The featured painting in today’s My Daily Art Display is entitled Granida and Daifilo which Gerard van Honthorst completed in 1625 and was commissioned by Stadholder Frederick Hendrick for his residence at Honselaerdijk and was to form part of a number of paintings of pastoral scenes.
The title of the painting refers to the characters in a pastoral play written by Pieter Hooft, the Dutch historian, poet and playwright entitled Granida. The story of the play was that Granida and Daifilo were lovers. Granida, the daughter of an eastern king, was betrothed to Prince Tisiphernes but one day became lost while out hunting. She came upon a shepherd Daifilo and his mistress Dorilea who had just quarrelled. Daifilo fetched water for the princess to drink and fell in love with her. He followed her to court and, after several twists and turns in the story, they fled to the woods together to live a pastoral life. However, Daifilo was taken prisoner by one of Granida’s several suitors. The play had a happy ending and the couple were finally reunited after the intervention of Tisiphernes who took pity on the young pair and gave up his claim to her.
The colours of this painting are bright and the details of the two protagonists in this amorous scene set in this idealised woodland setting give it a touch of classicism. Nevertheless, there is a touch of realism, which was associated with the Caravaggists as we see the dirty soles of Daifilo’s feet. In the background to the right we see the soldiers approaching the lovers with the intent to arrest them.
The play set a fashion for pastoral idyll in the Netherlands where Granida and Daifilo became iconic symbols of love.

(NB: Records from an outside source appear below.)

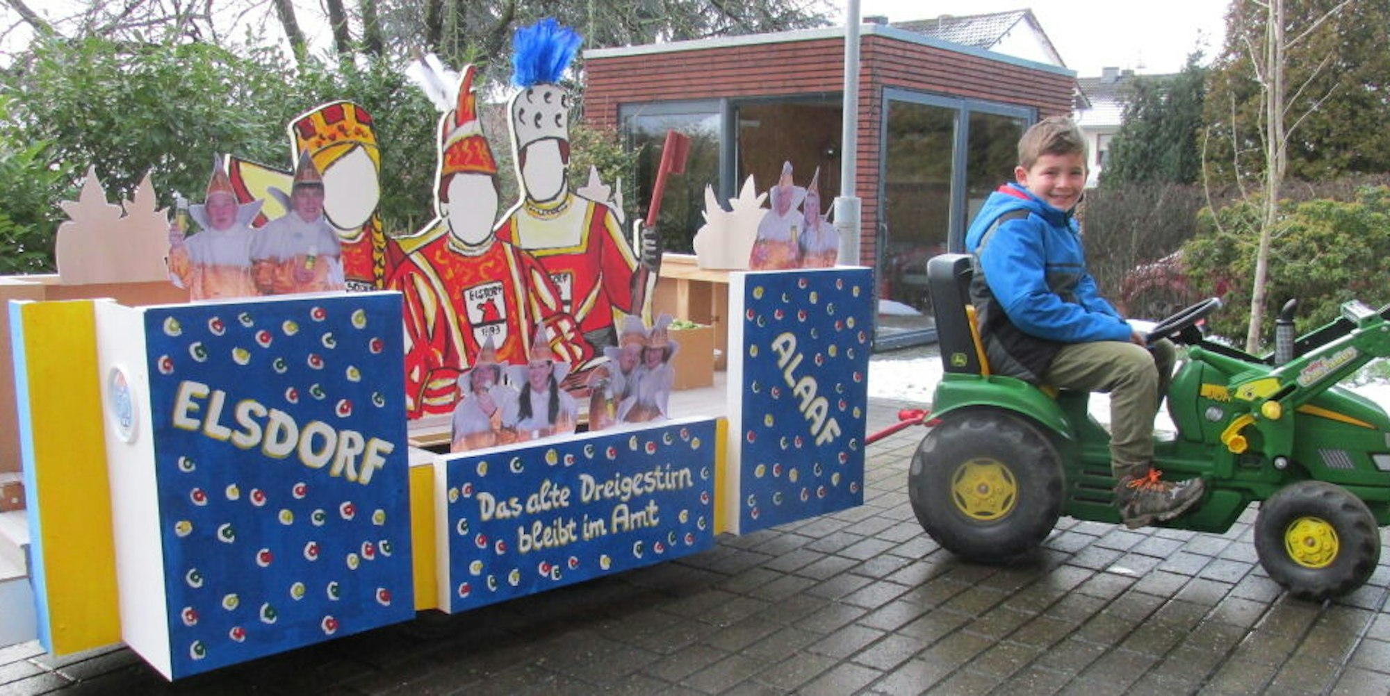 Der von Jonah Hennigs Kindertraktor gezogene Festwagen zeigt Karnevalisten aus Pappe.
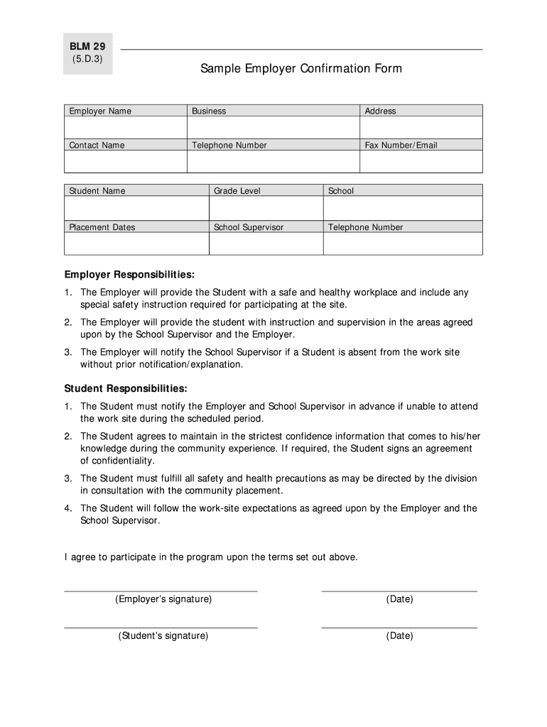 BLM 29 (5. D.3) Sample Employer Confirmation Form Employer Name Business Address Contact Name Telephone Number Fax Number/Email Student Name Grade Level School Placement Dates School Supervisor Telephone
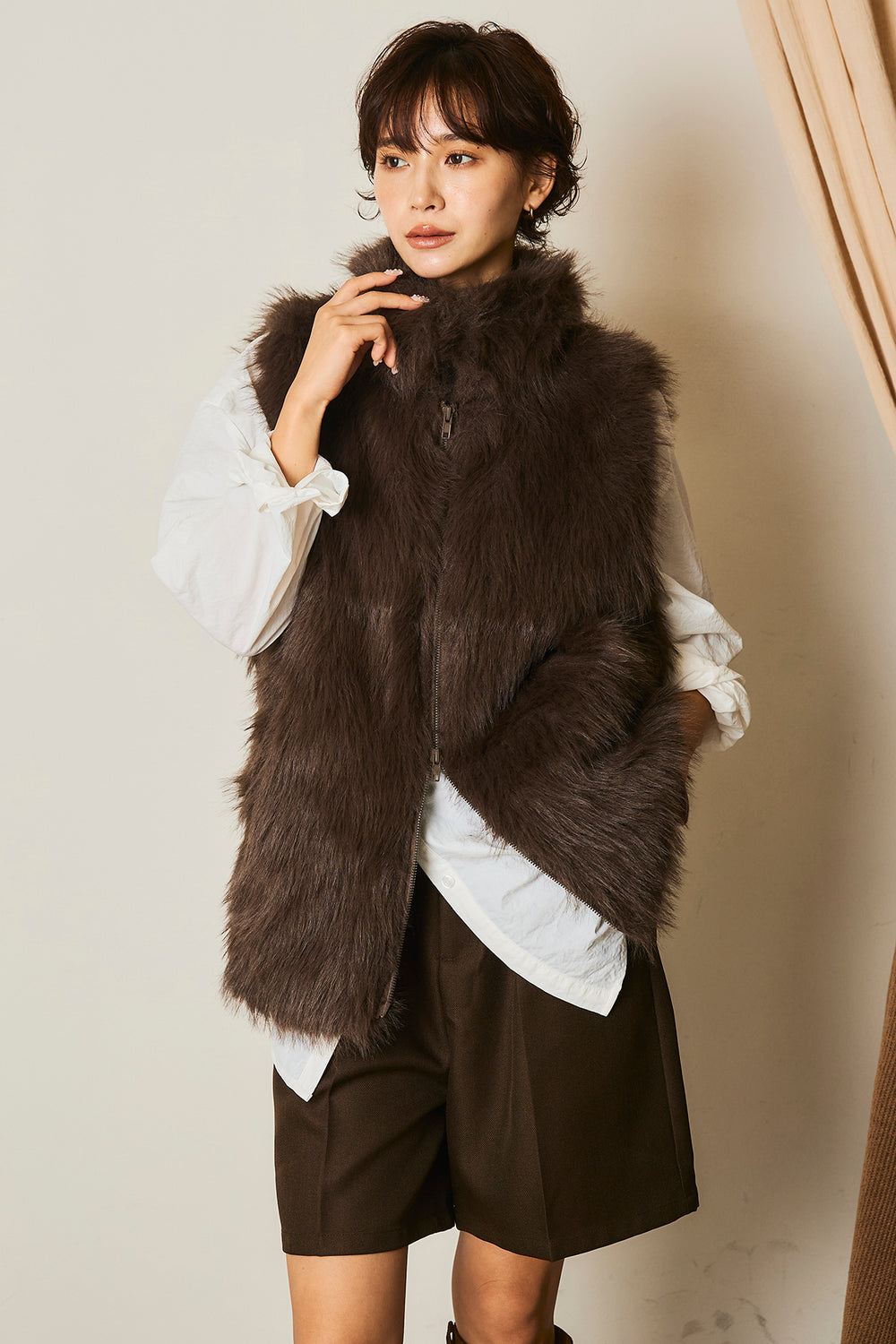 【即納】ヘリンボーンストライプスリーブレスジレ

The play was noted for the delicacy of its poetry and the simplicity of its moral. The moral to this tale was that individuals and nations can be at peace only when rulers and subjects alike shun ambition and seek only to serve. Though not well known today, it was a very popular work in early 17th century Netherlands, and Granida and Daifilo were the subject of many important paintings by Dutch masters.